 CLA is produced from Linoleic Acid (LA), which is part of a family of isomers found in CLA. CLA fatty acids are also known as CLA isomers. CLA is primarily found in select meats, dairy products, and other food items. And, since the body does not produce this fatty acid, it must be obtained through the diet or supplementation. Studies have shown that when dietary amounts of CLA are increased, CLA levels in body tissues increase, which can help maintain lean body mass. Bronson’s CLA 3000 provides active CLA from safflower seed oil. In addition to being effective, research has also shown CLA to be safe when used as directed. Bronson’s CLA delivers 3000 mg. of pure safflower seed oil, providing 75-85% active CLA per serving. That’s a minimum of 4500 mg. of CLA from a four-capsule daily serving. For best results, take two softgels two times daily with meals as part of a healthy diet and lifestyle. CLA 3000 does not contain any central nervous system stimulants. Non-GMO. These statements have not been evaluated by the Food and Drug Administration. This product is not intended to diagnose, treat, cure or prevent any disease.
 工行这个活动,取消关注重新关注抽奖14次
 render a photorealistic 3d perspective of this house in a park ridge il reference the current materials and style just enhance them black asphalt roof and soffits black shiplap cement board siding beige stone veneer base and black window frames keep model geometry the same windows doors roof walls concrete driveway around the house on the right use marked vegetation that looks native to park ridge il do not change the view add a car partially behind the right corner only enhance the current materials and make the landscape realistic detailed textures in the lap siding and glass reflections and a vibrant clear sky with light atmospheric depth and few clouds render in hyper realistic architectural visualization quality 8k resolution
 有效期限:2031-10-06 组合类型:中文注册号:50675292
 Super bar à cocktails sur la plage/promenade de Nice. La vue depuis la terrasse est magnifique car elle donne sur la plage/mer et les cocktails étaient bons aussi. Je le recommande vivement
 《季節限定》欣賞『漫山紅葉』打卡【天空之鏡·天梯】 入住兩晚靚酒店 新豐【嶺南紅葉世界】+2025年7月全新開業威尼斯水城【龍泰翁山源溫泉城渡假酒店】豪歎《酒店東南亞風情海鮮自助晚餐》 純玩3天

========

### Work to complete
All the data above is to be given again, exactly.

### Reply
 CLA is produced from Linoleic Acid (LA), which is part of a family of isomers found in CLA. CLA fatty acids are also known as CLA isomers. CLA is primarily found in select meats, dairy products, and other food items. And, since the body does not produce this fatty acid, it must be obtained through the diet or supplementation. Studies have shown that when dietary amounts of CLA are increased, CLA levels in body tissues increase, which can help maintain lean body mass. Bronson’s CLA 3000 provides active CLA from safflower seed oil. In addition to being effective, research has also shown CLA to be safe when used as directed. Bronson’s CLA delivers 3000 mg. of pure safflower seed oil, providing 75-85% active CLA per serving. That’s a minimum of 4500 mg. of CLA from a four-capsule daily serving. For best results, take two softgels two times daily with meals as part of a healthy diet and lifestyle. CLA 3000 does not contain any central nervous system stimulants. Non-GMO. These statements have not been evaluated by the Food and Drug Administration. This product is not intended to diagnose, treat, cure or prevent any disease.
 工行这个活动,取消关注重新关注抽奖14次
 render a photorealistic 3d perspective of this house in a park ridge il reference the current materials and style just enhance them black asphalt roof and soffits black shiplap cement board siding beige stone veneer base and black window frames keep model geometry the same windows doors roof walls concrete driveway around the house on the right use marked vegetation that looks native to park ridge il do not change the view add a car partially behind the right corner only enhance the current materials and make the landscape realistic detailed textures in the lap siding and glass reflections and a vibrant clear sky with light atmospheric depth and few clouds render in hyper realistic architectural visualization quality 8k resolution
 有效期限:2031-10-06 组合类型:中文注册号:50675292
 Super bar à cocktails sur la plage/promenade de Nice. La vue depuis la terrasse est magnifique car elle donne sur la plage/mer et les cocktails étaient bons aussi. Je le recommande vivement
 《季節限定》欣賞『漫山紅葉』打卡【天空之鏡·天梯】 入住兩晚靚酒店 新豐【嶺南紅葉世界】+2025年7月全新開業威尼斯水城【龍泰翁山源溫泉城渡假酒店】豪歎《酒店東南亞風情海鮮自助晚餐》 純玩3天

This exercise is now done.